# Air source for milling operations



## cfellows (Apr 25, 2013)

While doing the milling operations on my Fairbanks model engine block and flywheels, it once again occured to me that a steady, low pressure stream of air directed at the work would keep the chips cleared away from the cutter giving me a cleaner cut and letting me see what was going on.  While not as effective as liquid coolant, it's not as messy, and quite a bit easier to set up.

The arrangement I came up with required almost no machining and used materials I already had on hand...












The tip is a .030" mig welder tip.  It has threads on the end that easily threaded into a piece of polyurethane tubing which in turn was slipped over the end of a length of 3/16" brass tubing.






And the whole thing attaches to my mill/drill column with a magnetic DTI stand.

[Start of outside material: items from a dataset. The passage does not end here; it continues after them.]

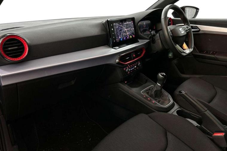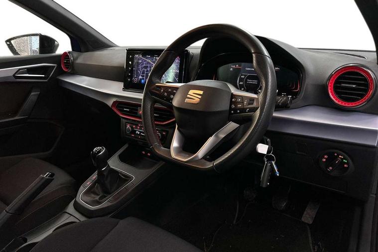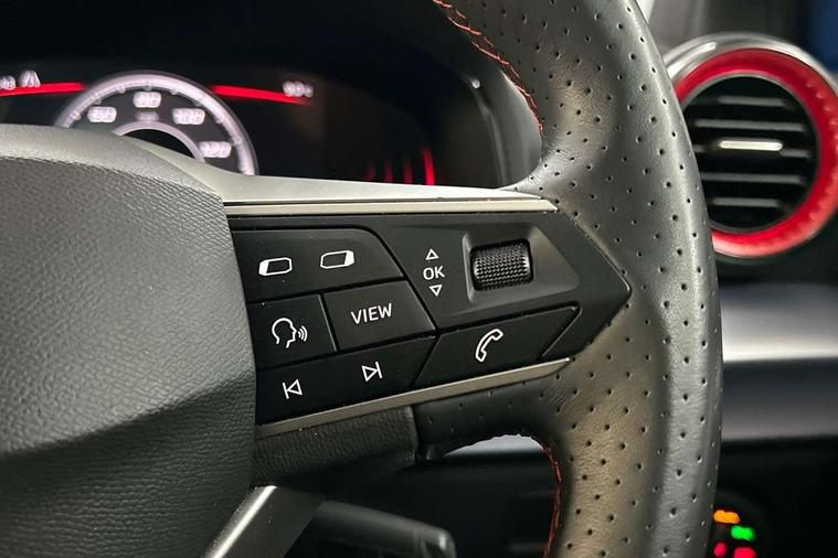 'Lights On' Reminder warning buzzer, 8" Digital cockpit, 9.2" touchscreen navigation system with type C USB socket, Voice control and DAB/AM/FM radio, Auto start and stop system, Bluetooth audio streaming with handsfree system, Digital clock, E-call, Full link smartphone integration with mirror link, wireless apple carplay, Google android auto + USB Type C cable for apple and android devices, Lane assist, Low fuel warning light, Outside temperature gauge, Power Steering, Seat connect with safety, service, remote and online, SEAT drive profiles and ECO function, SEAT logo boot release, Speed limiter, Trip computer, Sports suspension, Auxiliary input socket, Radio/MP3 player, SD card slot, Steering wheel mounted controls, Anti theft roof antenna, Auto dimming rear view mirror, Automatic rain sensing wipers, Black door mirrors, Body colour bumpers, Body colour door handles, Brilliant black window surrounds, Dark tinted rear windows, Electric adjustable/heated/folding door mirrors, Electric front windows, Electric headlight adjustment, Electric rear windows, Front/rear fog lights, FULL LED automatic headlights with dynamic headlight range control, coming and leaving home, LED daytime running lights, LED tail lights, Rear roof spoiler with FR twin exhausts, Rear side wing doors, Rear wiper, Third brake light, 3 seat bench in 2nd row, 60/40 split folding rear seat, Ambient interior lighting, Chrome detailing and black headlining, Cloth upholstery, Dual zone climate control with combination filter, Front courtesy lights, Front cupholders x 2, Front reading lights, Gear shift indicator, Glovebox, Height adjustable front and rear headrests (five), Height adjustable front seats, Height/reach adjust steering wheel, Illuminated air vent surrounds, Illuminated boot, Instrument lighting with brightness control, Isofix, Leather multifunction flat bottomed sports steering wheel, Passenger sunvisor, Single front passenger seat, Sports seats, Sunvisors with mirror and driver side card holder, 3 point seatbelts on all 3 rear seats, ABS, Active front headrests, Child locks on rear doors, Electronic stability control, Energy recovery system, Front assist forward collision warning and autonomous emergency braking, Front driver and passenger side airbags with curtain airbag and front passenger airbag deactivation, Hill hold control, Multi-Collision braking, Seat belt reminder for front and rear seats, Tiredness recognition system, Tyre pressure monitoring system, Electronic engine immobiliser, Locking wheel bolts, Perimeter alarm and interior monitoring with backup horn and tow away protection, Remote central locking + deadlocks, 17" Alloy wheels in Brilliant silver,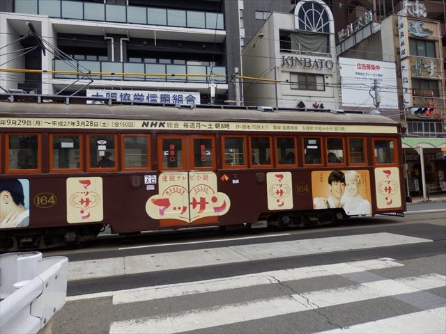チンチン電車はマッサンとリタの動く広告電車でした。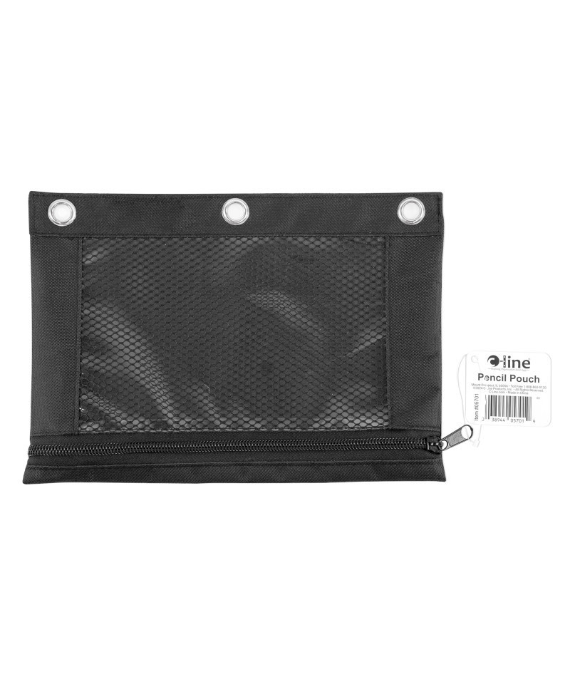 Durable polyester pencil pouch with single zipper compartment. Features black mesh reinforced window for easy viewing. Store pencils, crayons, erasers, markers and other small supplies. 3-hole punched to fit in binders. Zipper keeps contents secure. Measures 7" x 10". Black.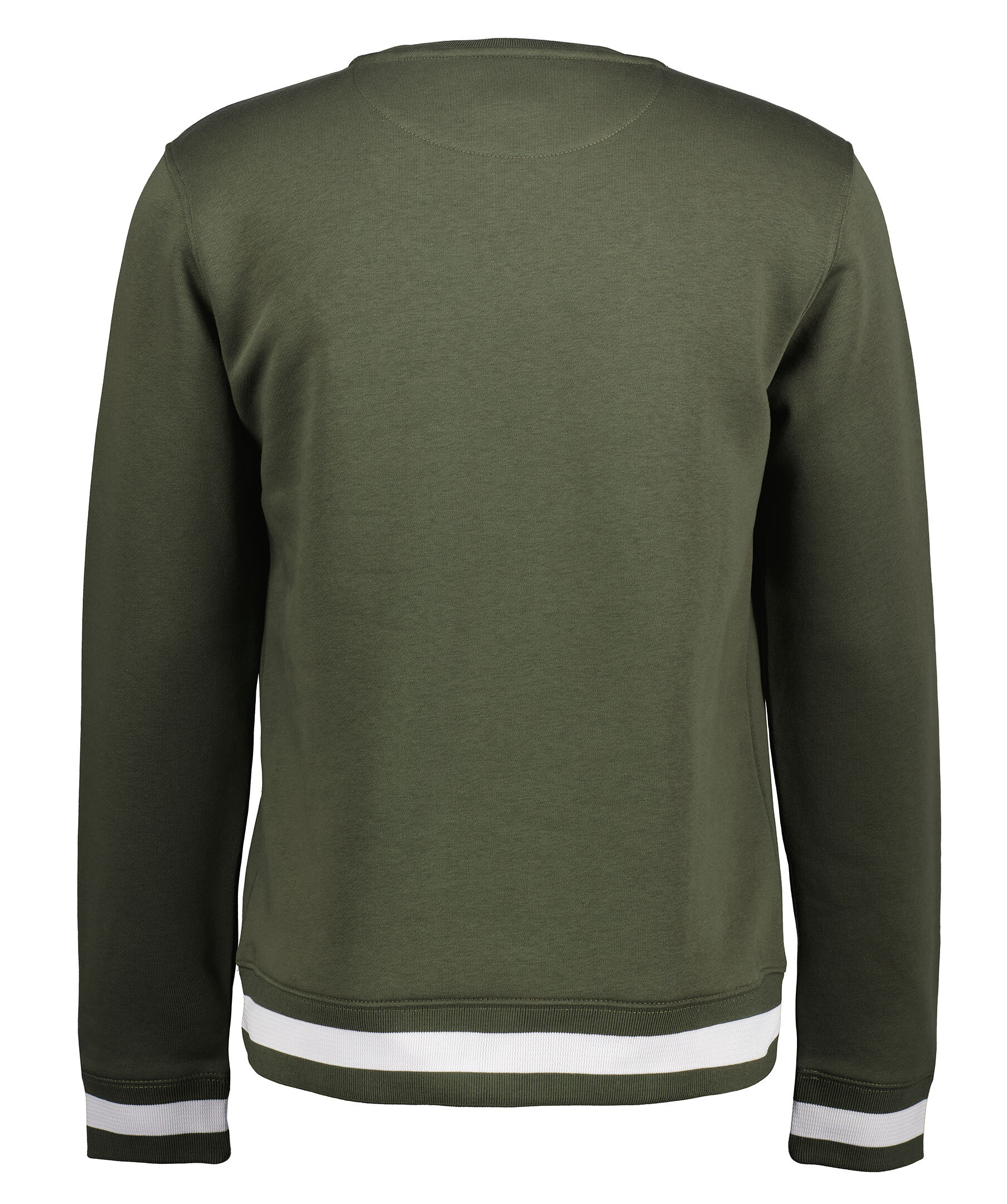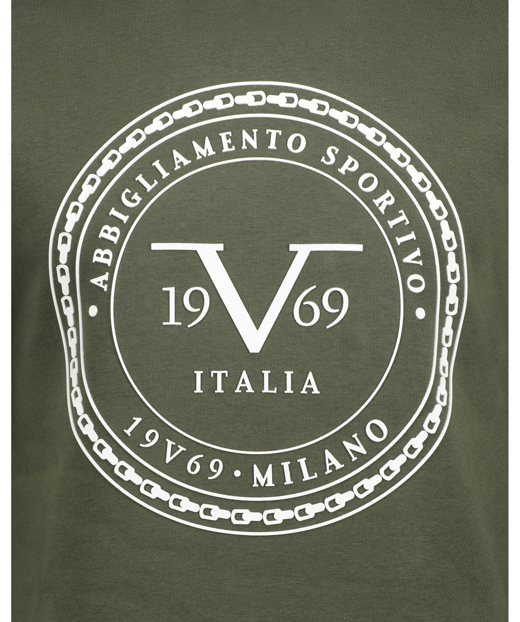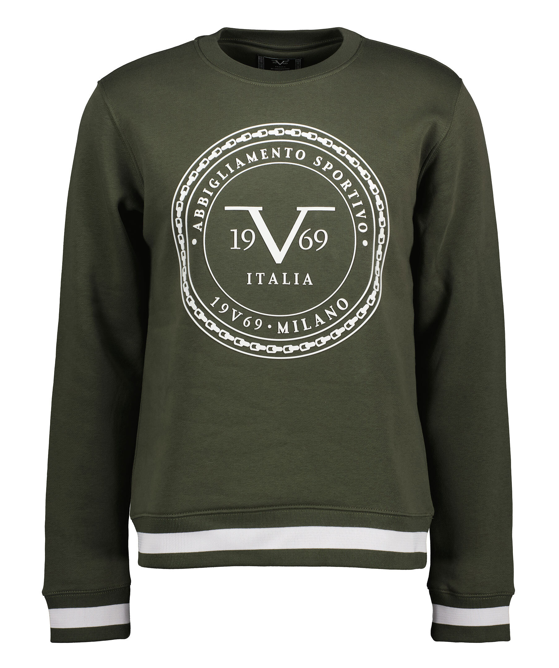 Militärgrön sweatshirt från 19V69 Italia by Versace. Tillverkad i en bomullsblandning. Präglad, stor, vit gummi-logotyp mitt på bröstet. Rundad halsring. Ribbade muddar med vit rand vid ärmslut samt plaggslut.

The magnet is quite strong and the arm allows a wide range of adjustments.  Since the assembly is attached to the mill column rather than the table, the air source stays on the tip of the milling cutter and doesn't move as the table is cranked on either axis. 
Chuck


----------



## platypus20 (Apr 25, 2013)

I did somewhat of a similar thing, I used a magnetic Cedarburg coolant base and the Line-Loc interlocking coolant lines, with a small regulator. I set it at just enough air flow to keep the chips moving away from the cutter. Attached is a picture of the unit, but not in use.


----------